• U.S. Bancorp reported record second-quarter revenue of $7.71 billion, a 10% increase from the same period last year.
  • Net income rose to $2.18 billion, or $1.35 per share, beating the $1.28 consensus estimate from analysts polled by FactSet.
  • The bank said loan portfolio growth drove a 7.4% increase in its provision for credit losses, to $538 million, while noninterest expenses rose 5.9% partly due to the acquisition of BTIG.
  • Chief Executive Gunjan Kedia said the bank entered the second half with a favorable economic backdrop and strong momentum following the BTIG acquisition.

Profit beats analyst estimates; BTIG acquisition contributed to revenue growth

U.S. Bancorp on Thursday reported record second-quarter revenue of $7.71 billion, a 10% increase from a year earlier, driven by strong loan growth, broad fee momentum and a partial-month contribution from its recently completed acquisition of financial-services firm BTIG.

Net income rose to $2.18 billion, or $1.35 per share, from $1.82 billion, or $1.11 per share, in the year-ago quarter. Earnings per share beat the $1.28 mean estimate of analysts polled by FactSet.

Net interest income on a taxable-equivalent basis rose 7.5% to $4.39 billion, while noninterest income increased 13.7% to $3.33 billion.

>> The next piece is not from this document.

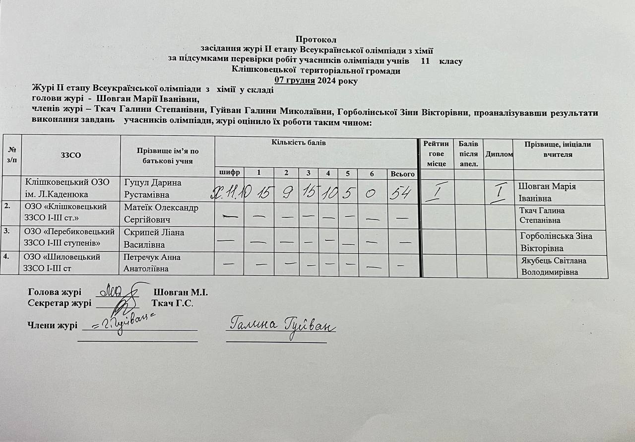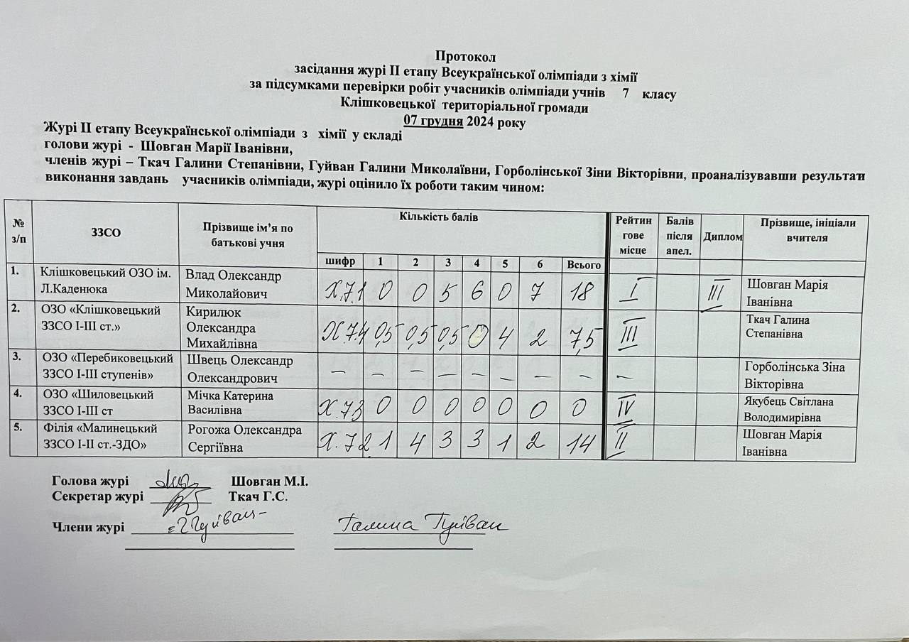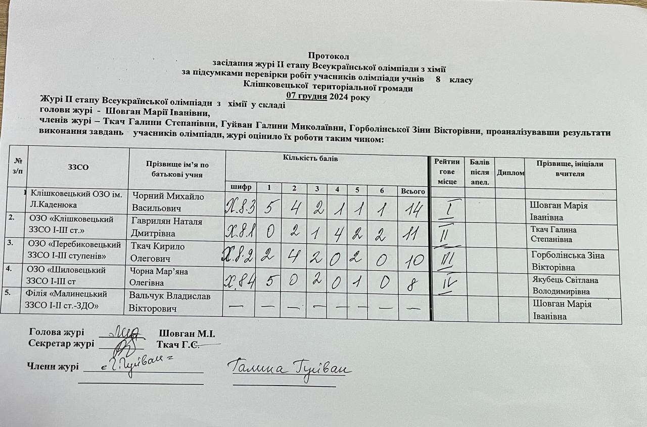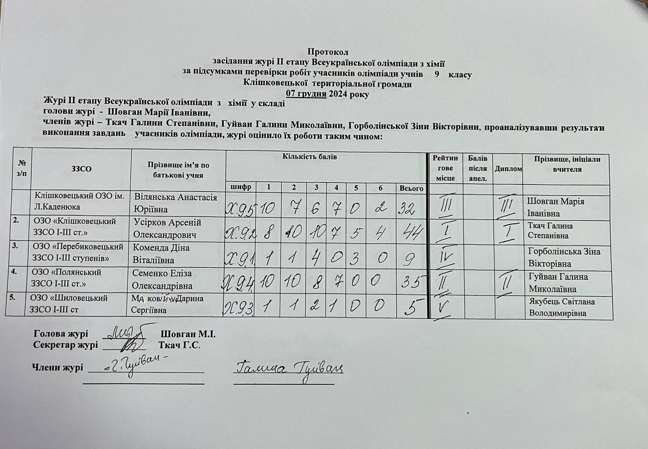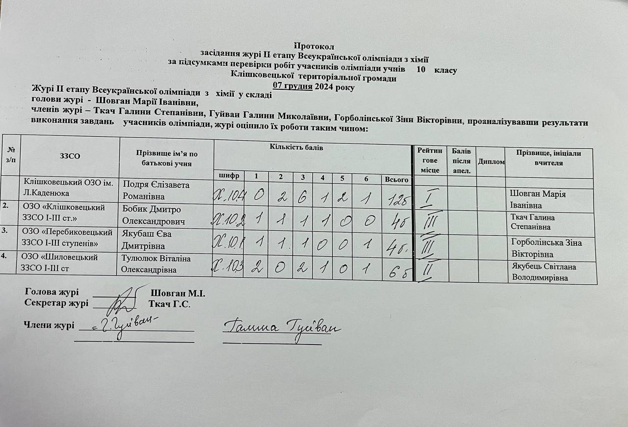 Остаточні результати засідання журі ІІ етапу Всеукраїнської олімпіади з хімії Автор Ленюк Олена · Опубліковано 8 Грудня, 2024

Total revenue of $7.71 billion topped the $7.58 billion analysts had anticipated.

The bank set aside $538 million for credit losses in the quarter, down from $576 million in the first quarter but up from $501 million in the second quarter of 2025. U.S. Bancorp said the 7.4% increase in its provision was primarily due to loan portfolio growth.

Noninterest expenses increased 5.9%, which the bank attributed largely to the BTIG acquisition, higher compensation and employee benefits, increased technology and communications spending, and higher marketing and business development costs.

U.S. Bancorp said in June it would raise its quarterly stock dividend by 3.8% to 54 cents a share after passing the Federal Reserve’s Dodd-Frank Act stress test. Earlier that month, it finalized the acquisition of BTIG for up to $1 billion, a move aimed at expanding its markets-based product set and revenue.

The company ended the quarter with a common equity Tier 1 capital ratio of 10.8%, unchanged from the prior quarter.

Chief Executive Gunjan Kedia said the bank began the second half of the year with a favorable economic backdrop and strong momentum, and that the BTIG acquisition strengthened its capital markets capabilities and provided additional opportunities to deepen client relationships.